#### Supplied material
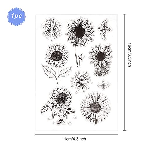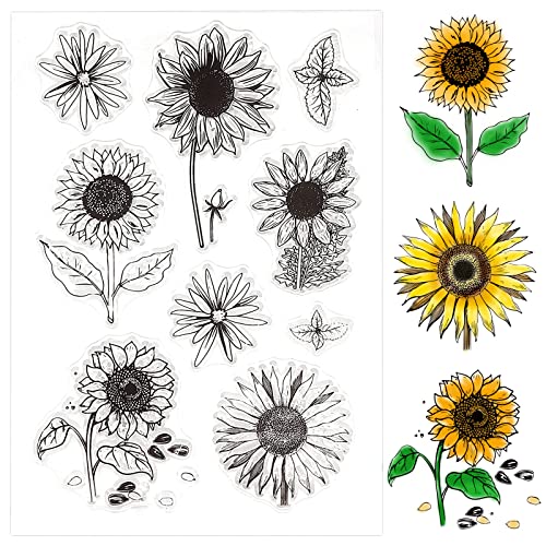 GLOBLELAND Girasoli Timbro Trasparente Carte Timbro In Silicone Foglie Timbro Sigilli Trasparenti per Decorazione di Carte e Scrapbooking Fai Da Te
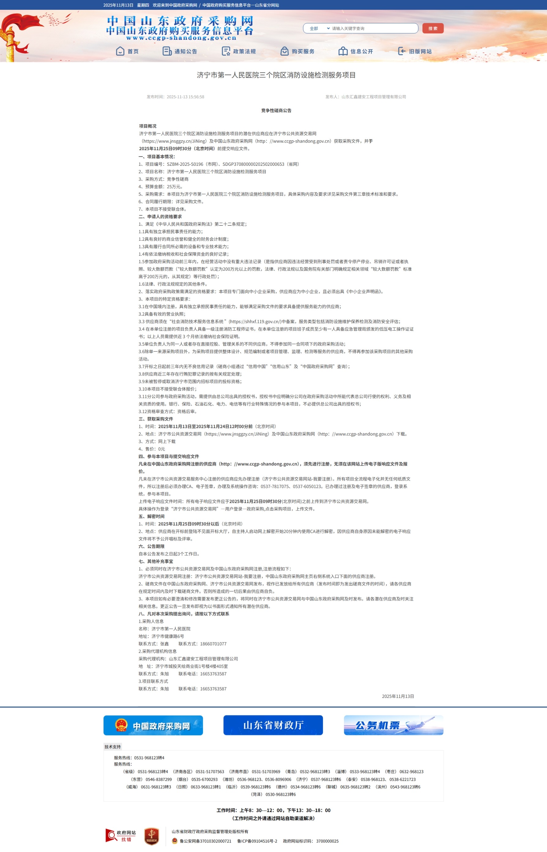济宁市第一人民医院三个院区消防设施检测服务项目竞争性磋商公告
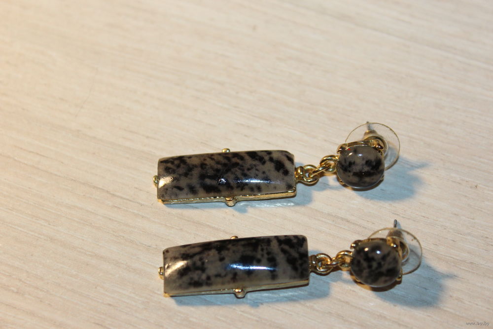 Металлические серьги с пластиковыми вставками (под стекло), длина 5 см.
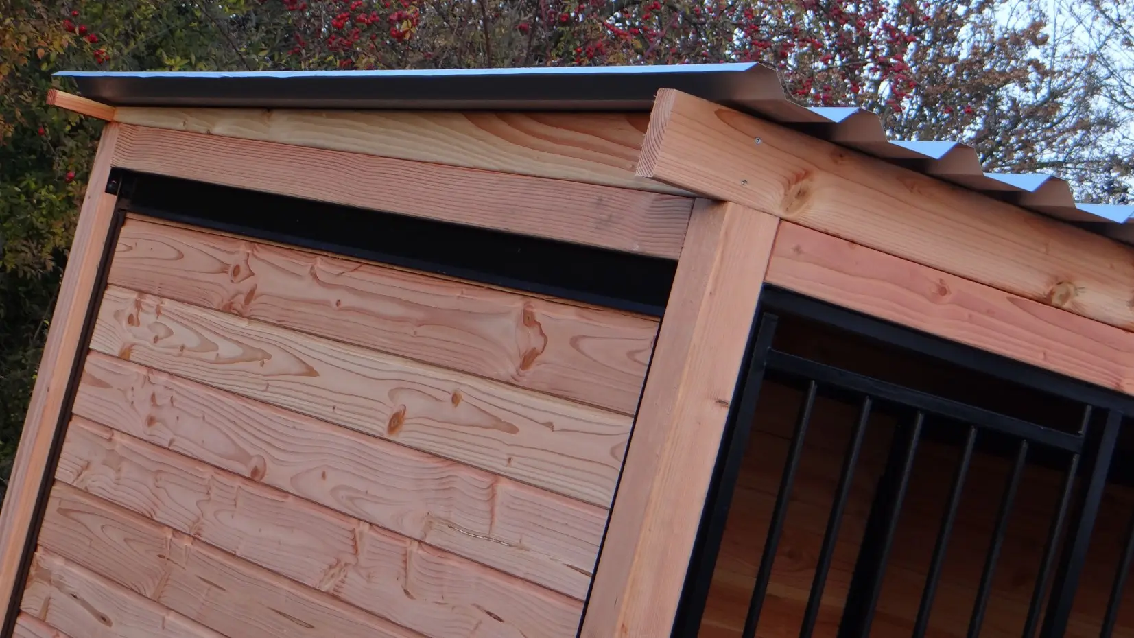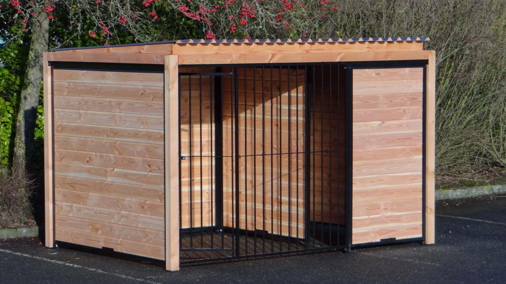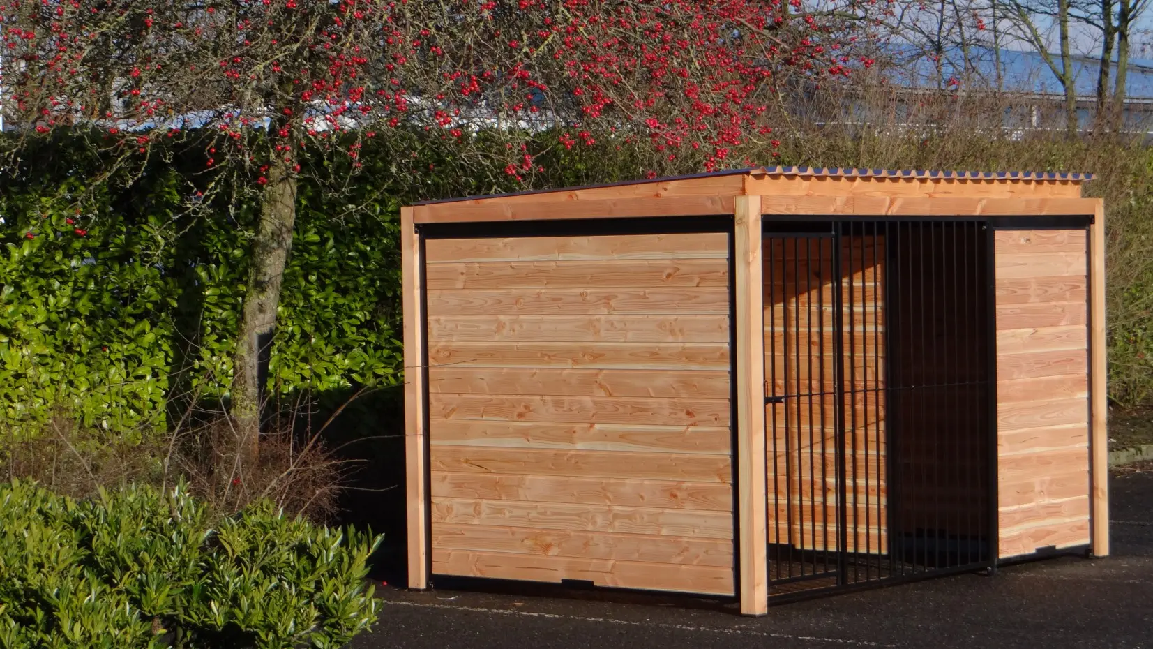 Le chenil Forz noir avec toit et cadre en bois de Douglas est un magnifique chenil offrant une protection optimale tout autour pour votre chien. Toutes les parois sont constituées de cadres en acier remplis de bois de Douglas. Derrière le panneau de séparation, il est possible de placer une niche, comme par exemple la niche Easy, ou d’installer une terrasse en bois afin de créer un espace abrité pour votre chien.

#### What is needed
Copy all the material word for word, minus its pictures.

#### Reply to the exercise
 GLOBLELAND Girasoli Timbro Trasparente Carte Timbro In Silicone Foglie Timbro Sigilli Trasparenti per Decorazione di Carte e Scrapbooking Fai Da Te
济宁市第一人民医院三个院区消防设施检测服务项目竞争性磋商公告
 Металлические серьги с пластиковыми вставками (под стекло), длина 5 см.
 Le chenil Forz noir avec toit et cadre en bois de Douglas est un magnifique chenil offrant une protection optimale tout autour pour votre chien. Toutes les parois sont constituées de cadres en acier remplis de bois de Douglas. Derrière le panneau de séparation, il est possible de placer une niche, comme par exemple la niche Easy, ou d’installer une terrasse en bois afin de créer un espace abrité pour votre chien.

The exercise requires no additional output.